• AcidSmiley [she/her]
    ·
    4 months ago

    I don't get it, the filth spewing out of JD's mouth isn't significantly that different from the fascist diarrhea you typically find on any right-wing site/forum

    Keep in mind that fascists do not operate on logic, but vibes. As Marxists, we are used to taking things apart methodically, to criticize ideology, to see behind the plattitudes and expose relations of property and how they translate into political power that dialectically ties into the ruling ideology. Fash don't do that. They want the exact opposite of this scientific understanding, they want to go back to a world ruled by mythology. The entire fascist ideological framework runs on a deliberate rejection of materialism, analysis, a structural and systemic understanding of issues and a self-blinding to facts (climate change, covid, the glaring failure of neoliberal shock treatment etc.). What it delivers instead is gut feeling, the rage at the wokies, the rush of raw power and sanctified violence, the comfort of 1950s postcard kitsch. What he says doesn't matter, he has to say it in a way that pulls their strings. When he doesn't pass the vibes check, it is irrelevant if he had the exact same talking points as them. When he comes across as a cringy weirdo who can't hit the right notes with his audience, that's all that matters.

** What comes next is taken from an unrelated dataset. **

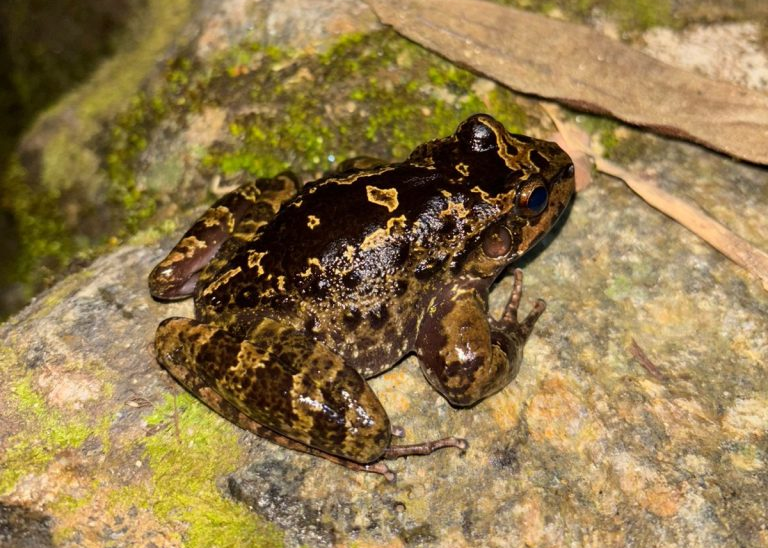 Pequena rã é avistada entre as pedras do Parque dos Três Picos, em Cachoeiras de Macacu
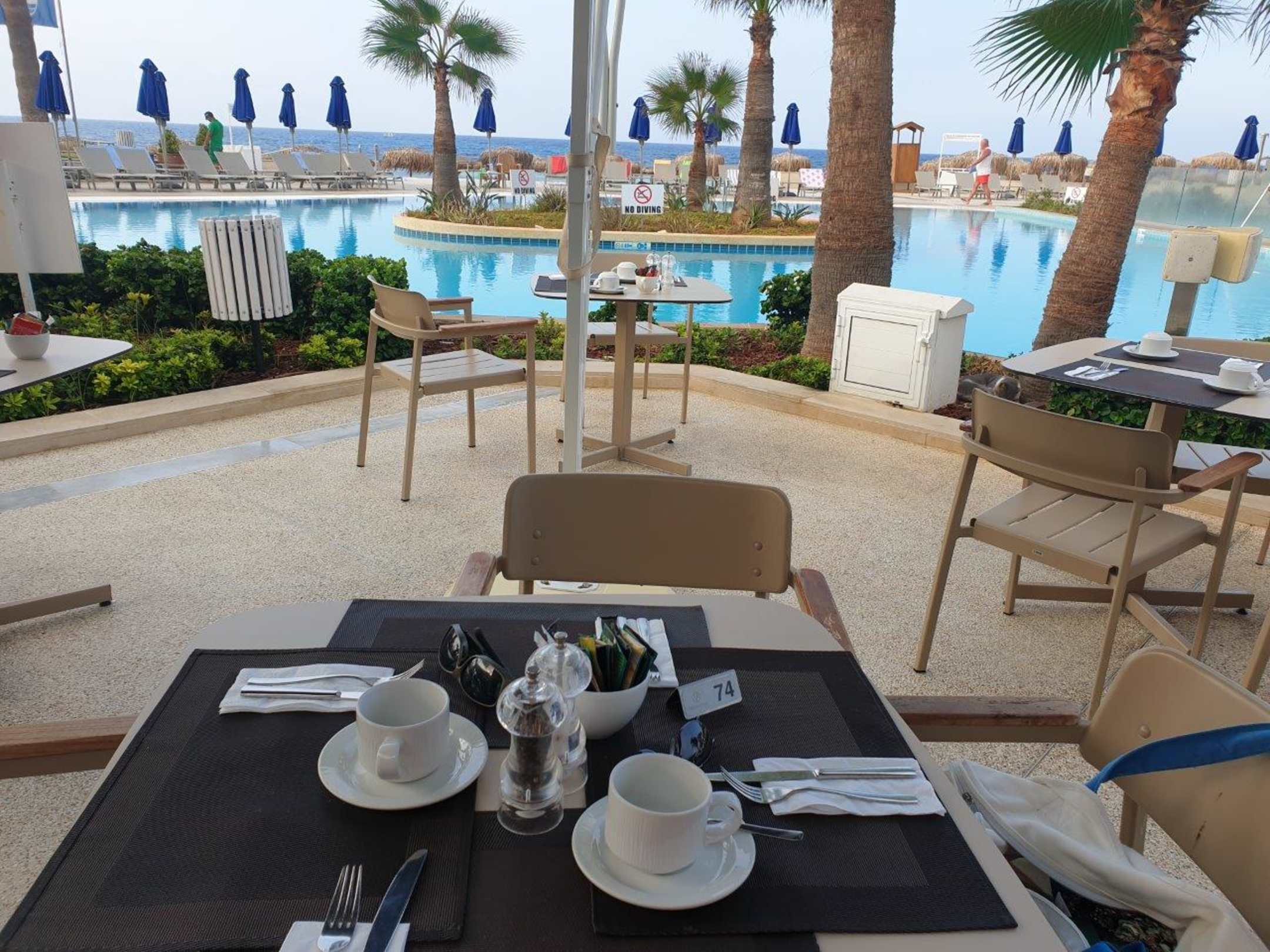 Frühstück am Pool am Hauptgebäude

    • Philosoraptor [he/him, comrade/them]
      ·
      edit-2
      4 months ago

      This is right on target. He's not saying anything Trump hasn't said (or implied), but he's no Trump. This is the same problem desantis-beta-walk ran into. They want someone that projects power and confidence, as well as acts as a surrogate on which they can project their own dark desires about how the world should be.

      Trump can be all these things because he has a carefully crafted image of being super wealthy, but also (and more importantly) he's charismatic, funny, and speaks in what basically amount to parables. He very rarely comes right out and says things like "we're going to give bonus votes to people with kids." He might hint at that, or convey the same message through some kind of elliptical digression about some random topic, but he doesn't state things clearly and plainly most of the time. He jokes, teases, and plays the crowd. His rhetoric is open to interpretation, which both lets them project their own ideas onto him but also insist that he didn't really mean whatever his opponent took him to mean. With DeSantis or Vance, all that humor and rhetorical fogginess is gone, and the fascist project is laid bare. That's boring and off-putting--even to many of them who actually agree with the project--because what attracts them isn't a set of policy goals, but rather a particular image of what could be: a vibe.

      There are obviously exceptions to this (people who are the Hilary Clintons of the far right and are in it for the technocratic minutiae of implementing fascism), but they're much smaller as a group than the collection of people who want to be caught up in the religious ecstasy of MAGA rallies, and will change the channel when that turns into the nitty gritty of policy. Remember that politics is fundamentally boring to most normal people. In Trump, they're getting something less like politics and more like a sermon, comedy act, and sports rally all rolled into one. So far, they haven't found anyone else able to bridge that gap.